— WORK TASK —
Using the entries that follow, transcribe only the lines from the line with "Cool white batwing" to the line with "Vineyard Vines Vest", both included, exactly as they stand and without pictures.

Stored data entries:
»»
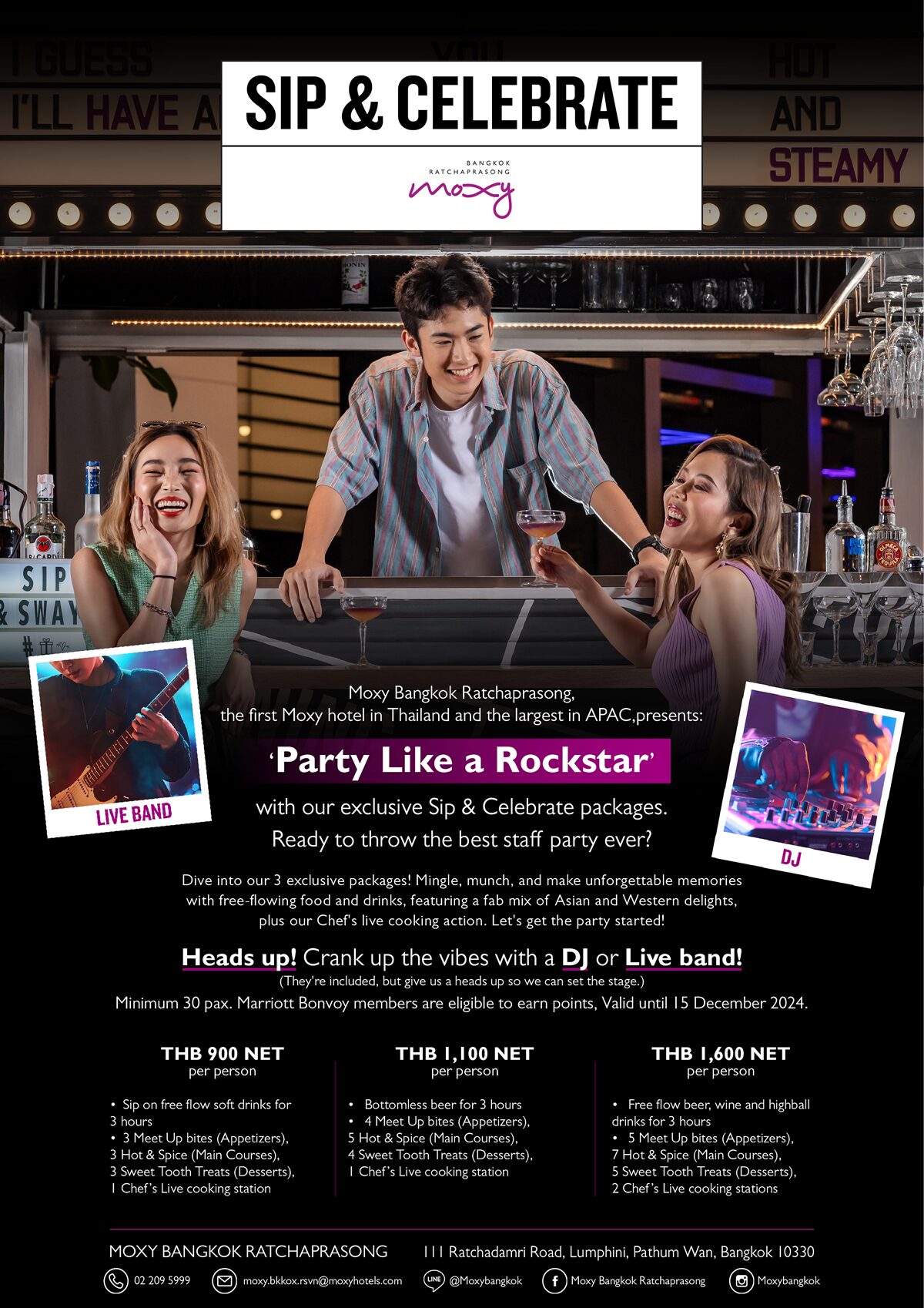 2024年8月5日 – バンコク、タイ – タイの首都バンコクの中心部に位置するMoxy Bangkok Ratchaprasongは、アジア太平洋地域で初めてかつ最大のMoxyホテルとして、「ロックスターのようにパーティーをする」パッケージと料理の提供を開始しました。年末の祝賀会、会社の集まり、社交イベント、外出などを計画しているゲストにぴったりの特別なプロモーションで、どんなイベントも忘れられないものにする特別な取引を提供します。広々としたデザイン重視の室内エリアと、バンコクの美しい景色を望む屋外テラスを備えたMoxyは、次のイベントのための究極の背景となります。
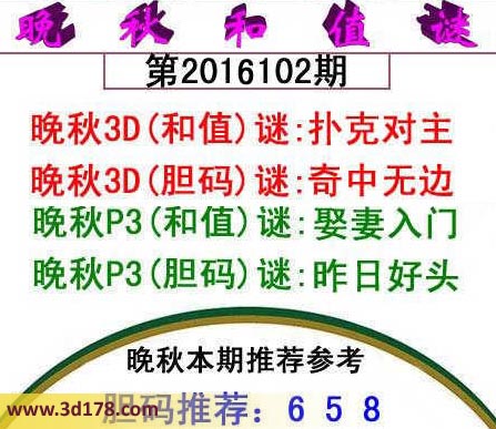 晚秋3D(和值)谜:扑克对主晚秋3D(胆码)谜:奇中无边晚秋p3(和值)谜:娶妻入门晚秋p3(胆码)谜:昨日好头胆码推荐:658
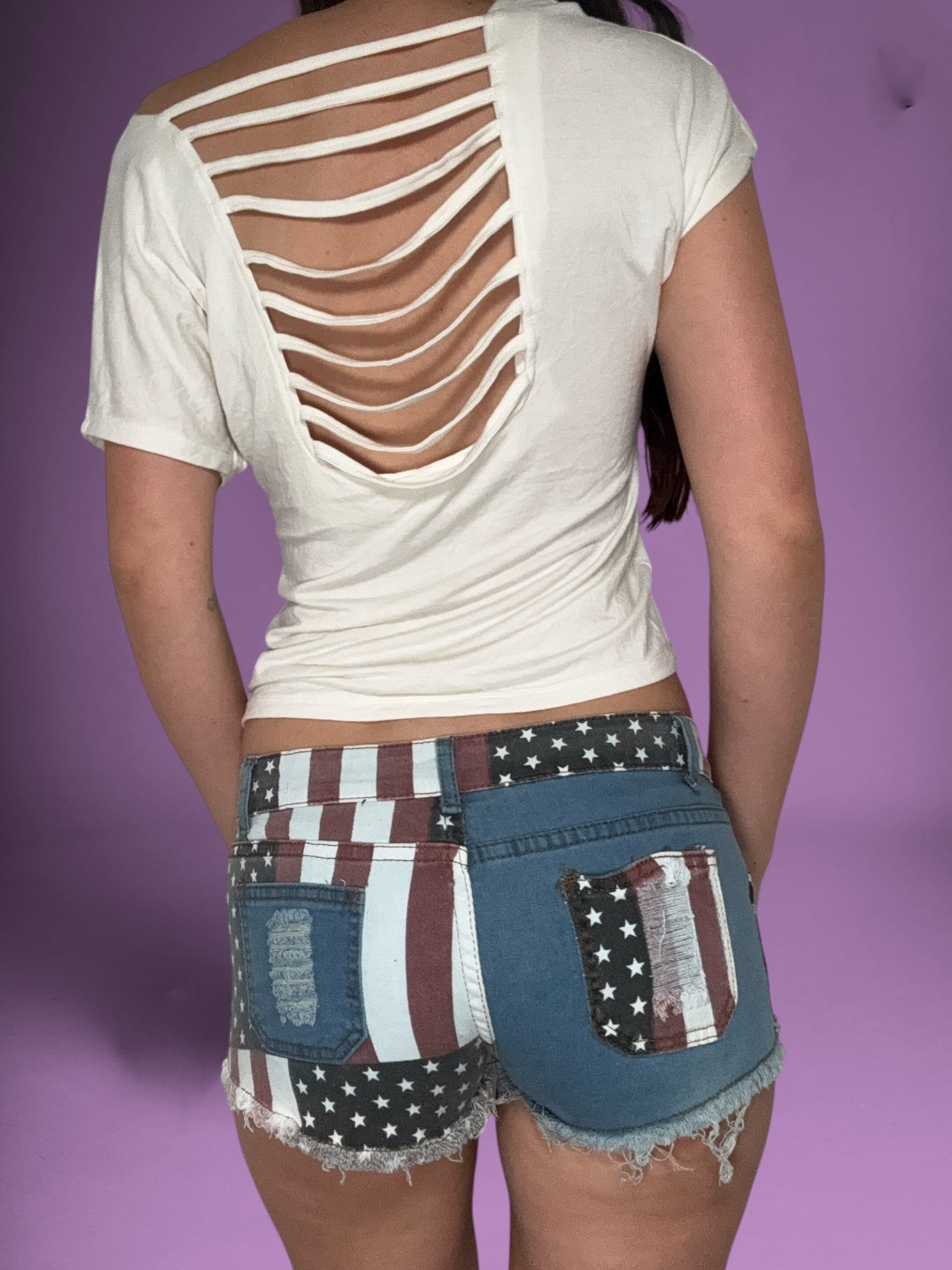 Cool white batwing tee in white with cut out back🖤Black buttons around the neckline🖤
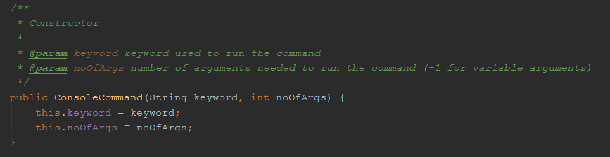 ConsoleCommandtakes 2 parameters,keywordandnoOfArgs. keywordis the string which is used to run the command.noOfArgsis the number of arguments required to use the command, you can keep this value-1in order to skip number of argument check for variable number of arguments.
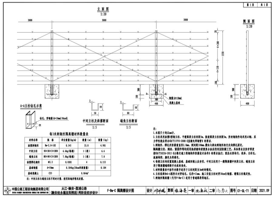 2.立柱采用涂塑U型钢立柱,平缓路段立柱间距5m,陡坡路段立柱间距3m。所有钢构件均采用A3钢,其力学性能应符合GB/T13793-2008《直缝电焊钢管》的要求。
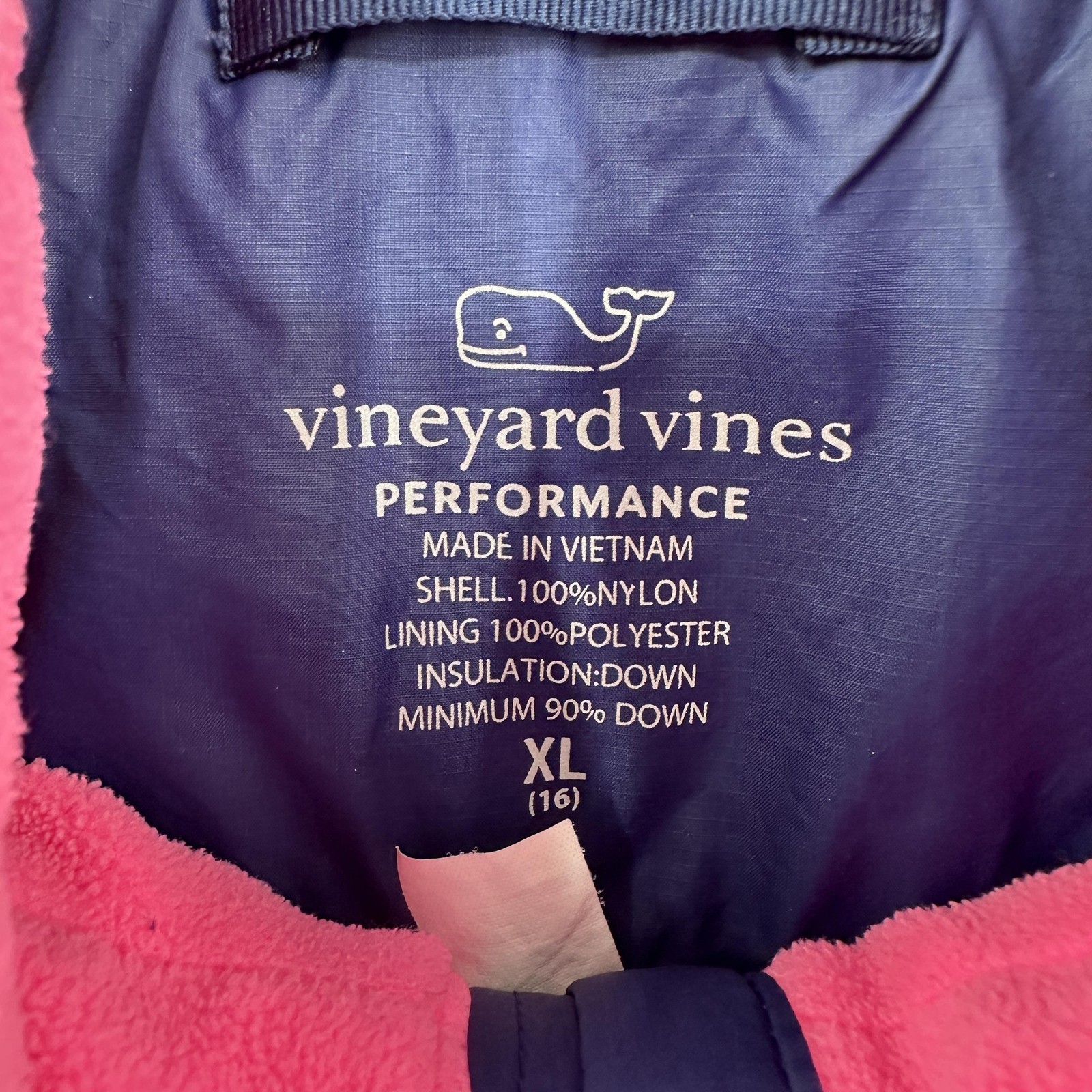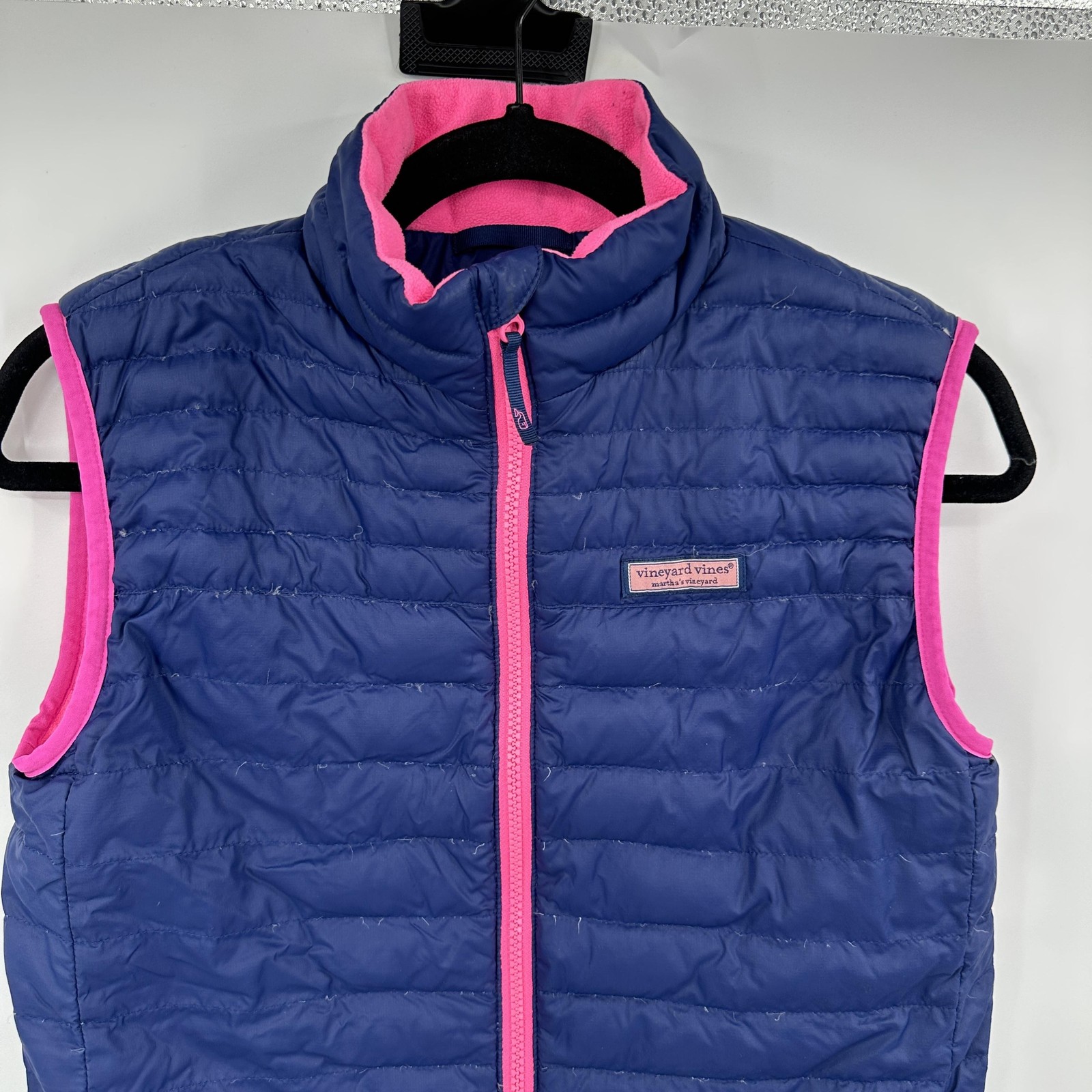 Vineyard Vines Vest Girls XL Navy Pink Performance Down Puffer Fleece Lined
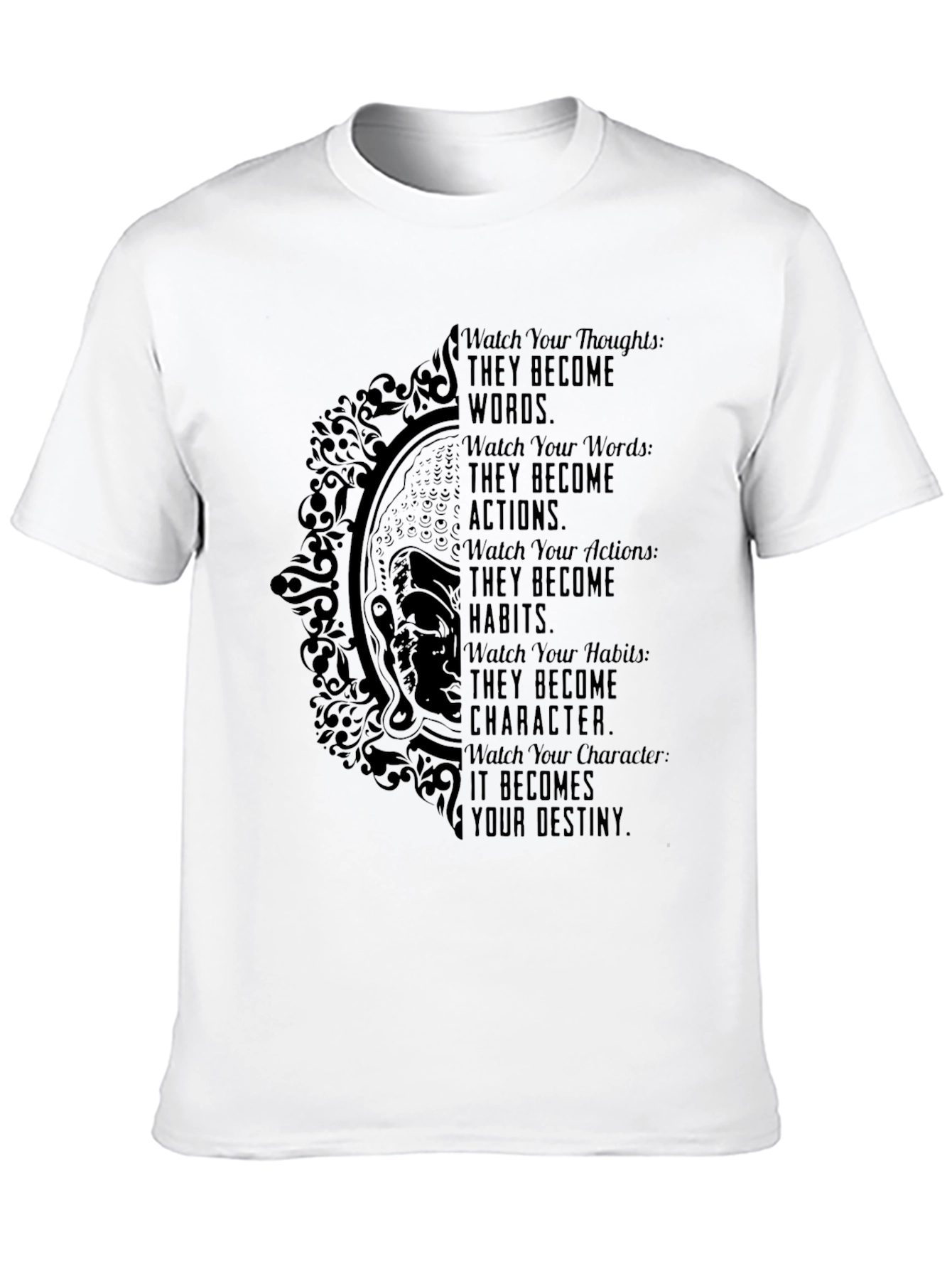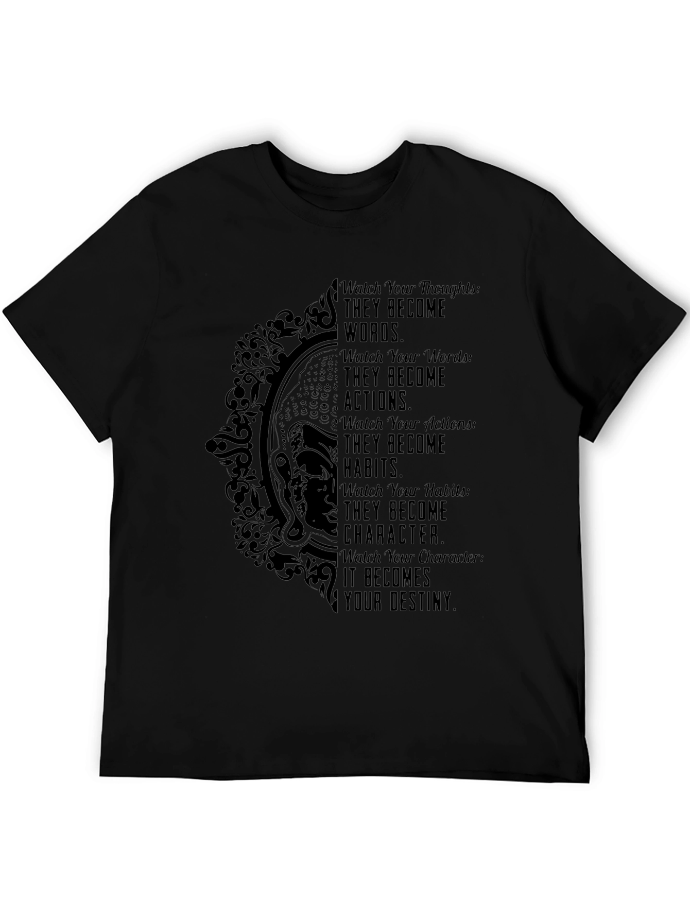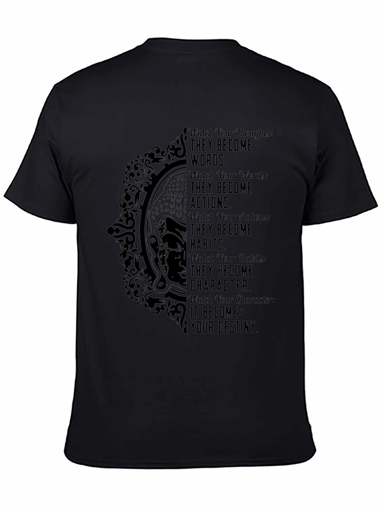 Luce esta elegante camiseta negra de corte moderno con un diseño inspirador. Presenta un mensaje profundo sobre el poder de los pensamientos, las palabras, las acciones, los hábitos y el carácter, culminando en el destino. El estampado en tono sobre tono le da un toque sutil y sofisticado. Perfecta para usar a diario, expresar tu filosofía de vida y motivarte a alcanzar tus metas. Fabricada con materiales de alta calidad para asegurar confort y durabilidad. Ideal para combinar con jeans, pantalones casuales o incluso una chaqueta de cuero para un look más atrevido. ¡Muestra tu estilo único con esta prenda llena de significado!
««
— RESPONSE TO THE TASK —
 Cool white batwing tee in white with cut out back🖤Black buttons around the neckline🖤
 ConsoleCommandtakes 2 parameters,keywordandnoOfArgs. keywordis the string which is used to run the command.noOfArgsis the number of arguments required to use the command, you can keep this value-1in order to skip number of argument check for variable number of arguments.
 2.立柱采用涂塑U型钢立柱,平缓路段立柱间距5m,陡坡路段立柱间距3m。所有钢构件均采用A3钢,其力学性能应符合GB/T13793-2008《直缝电焊钢管》的要求。
 Vineyard Vines Vest Girls XL Navy Pink Performance Down Puffer Fleece Lined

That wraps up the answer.